F. Homes Dudden declared The Temple Beau as "a fairly good comedy of intrigue" and says that "The plot of the comedy, though rather too complicated, is more skilfully constructed than that of Love in Several Masques, and some of the situations are diverting. One of the best things in the piece is the interview between the deluded Sir Harry [...] young Wilding [...] and Pincet". Robert Hume believed that "Fielding had begun to master the mechanics of intrigue comedy. The results are not wonderful, but they show distinctly more technical competence.

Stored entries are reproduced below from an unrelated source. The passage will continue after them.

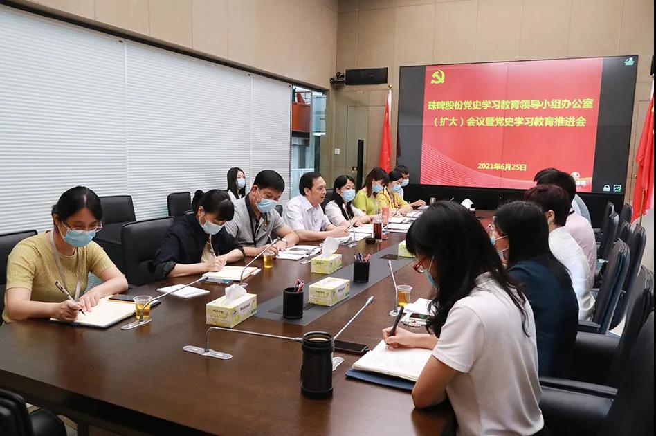 2021年6月25日,珠啤股份党委党史学习教育领导小组办公室召开党史学习教育推进会议,传达市委党史学习教育第十巡回指导组巡回指导工作会议精神,安排贯彻落实工作。珠啤股份党委副书记、工会主席吴家威,珠啤股份党委党史学习教育巡回指导组成员、各党组织负责人等参加会议,下属企业远程视频参会。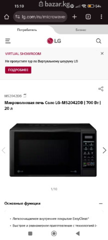 Микроволновая печь LG, белый корпус, панель управления с русскими подписями. Характеристики и функции: - Объем камеры: стандартный с поворотным стеклянным столом. - Внутреннее покрытие EasyClean — облегченная очистка, устойчивость к загрязнениям. - Сенсорная панель с крупными кнопками и дисплеем. - Международная кухня: быстрые авто-программы «Русский повар», «Французский повар», «Итальянский повар», «Восточный повар» (списки блюд на внутренней кромке). - Режимы: СВЧ (микроволны), быстрое размораживание, авто-размораживание. - Таймер и пошаговая регулировка времени: +/–, 10 мин / 1 мин / 10 сек. - Кнопка «Быстрый старт». - Режим ECO ON для энергосбережения. - Кнопки «Стоп/Сброс», установка часов. - Подсветка камеры, металлическая внутренняя полость. - Логотип LG и EasyClean на лицевой панели. Отличный вариант для разогрева, приготовления и размораживания с понятными пресетами и удобным управлением на русском языке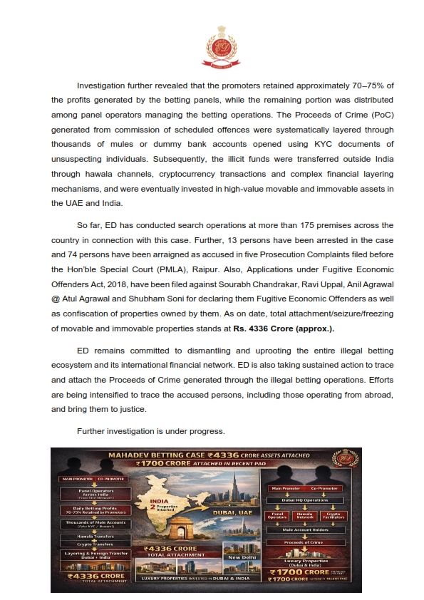 ED के सूत्रों के मुताबिक, सौरभ चंद्राकर और उसके सहयोगियों ने एक ऐसा नेटवर्क तैयार किया था जो भारत के मध्यम वर्ग को सट्टे के जाल में फंसाकर अरबों रुपये लूट रहा था। एजेंसी अब इस पूरे 'इंटरनेशनल सिंडिकेट' को जड़ से खत्म करने के लिए विदेशी जांच एजेंसियों के साथ मिलकर काम कर रही है। "यह कार्रवाई केवल शुरुआत है। अवैध सट्टेबाजी से अर्जित पाई-पाई का हिसाब लिया जाएगा और विदेश में बैठी मछलियों को भी कानून के दायरे में लाया जाएगा।" — प्रवर्तन निदेशालय

Fielding still employs more characters than he can comfortably control [...] but at least he involves them in related complications." Albert Rivero believed that "The initial rejection of The Temple Beau, however, convinced Fielding that his future success would depend on his ability to satisfy the town's taste for less conventional entertainments." Harold Pagliaro describes the play by saying, "Though the dramatic structure of The Temple Beau is improved over that of Fielding's first play, it has some obvious weaknesses. The lovers are too nearly perfect to engage us in what is or ought to be their burdensome complication of distress. They are so sure of each other and of themselves that they are unassailable, however threatened by the loss of love, freedom and financial self-sufficiency."